IronPearl Is Systematizing The Secrets That Have Helped Startups Like Wanelo, Lyft And Goodreads Grow

If you build it, they will come, right?

Not exactly. Growth is actually a lot more complicated than that. Getting users to discover your product, and then stick to it, is more of a rigorous science that uses lots of multivariate testing and traffic funnels.

A pair of longtime investors and entrepreneurs, Stan Chudnovsky and James Currier, are getting together again to build tools that will help startups optimize how they attract and keep users. After leading and selling a web 1.0 company Tickle, Chudnovsky has advised companies like Goodreads, Path, Wanelo, Poshmark, Lyft and Highlight on how to grow. Before “growth hacker” became the term du jour, Chudnovsky was doing it back in the early 2000s with some of the first e-mail and address book importers.

Now after all of these one-off consulting projects for startups around the Valley, he’s out to do something more systematic.

At his new startup IronPearl, Chudnovsky is quietly building a set of optimization tools that will track a user through a site or app and test which combinations work best to keep them coming back after a week or a month (although the goal can be whatever you want it to be).

Think about it like an Optimizely for longer-term retention and growth. The product he’s building can run dozens of tests simultaneously to check which user flow keeps people engaged with a site best.

He showed me a dashboard filled with percentages showing which combinations of copy and art produced the highest number of people returning to a site.

“Growth is generally misunderstood,” he said. “It’s like interest in the bank. If you get 2 percent every week and it’s compounded, that’s where the power comes from. If you run 10 tests during a single week, and one of them gives you a 10 percent boost, you can get to a 10 percent overall improvement the following week.”

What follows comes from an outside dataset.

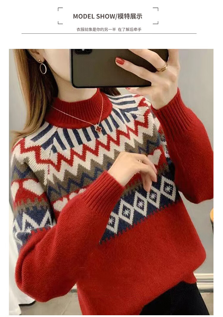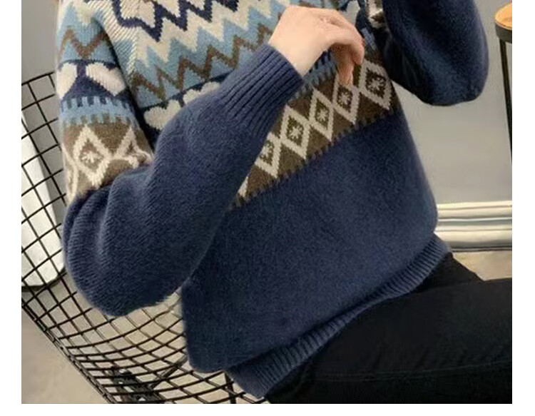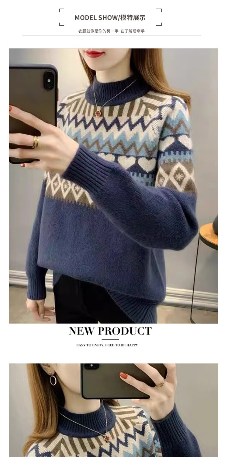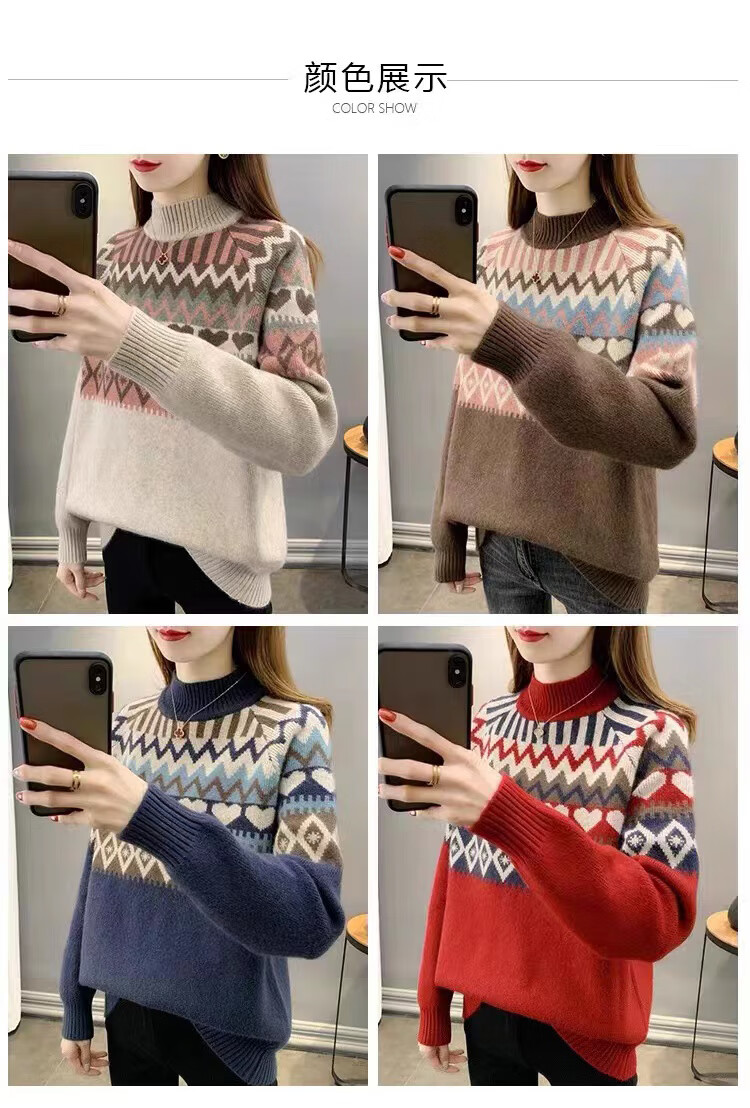 香影芬2025新款半高领复古毛衣女秋冬洋气条纹针织打底上衣宽松洋气女装 卡其色 S (建议95-105斤)

He expects to launch IronPearl in a few months after some beta testing with GoodReads and other startups.

Chudnovsky has a long, long history in the Valley. An immigrant who arrived in the Bay Area in 1994, he was a vice president of engineering at Tickle, which was later acquired by job-hunting site Monster.com for its wealth of career-oriented quizzes. It was a personality test site that grew to 100 million users and $40 million in annual revenue. He later dabbled in social gaming, and sold Wonderhill to Kabam.

Then he got into advising and investing in startups, helping social reading site GoodReads grow to more than 14 million members.

His philosophies on growth have changed as well. Indeed, quizzes and personality tests can go viral very easily, but they may not be kind of product that keeps a user engaged over the very long-term. Quick quizzes were one of the first types of apps to blow up on the Facebook platform, when it launched back in 2007. But they gave way to casual, social games, and then now more sophisticated, midcore titles.

Now it’s more about not just getting users in the door, but getting the ones that find a product useful and keep coming back. He has certain rules of thumb: “Seventy-percent of new users should come in as a result of invitations or word of mouth from people who are not first-time users.”

But he disdains the term “growth hacker.”

“No one has any idea what it actually means,” he said. “Last year, it was all about data scientists and this year it’s the growth hacker.”

Maybe that’s because he was one of the originals.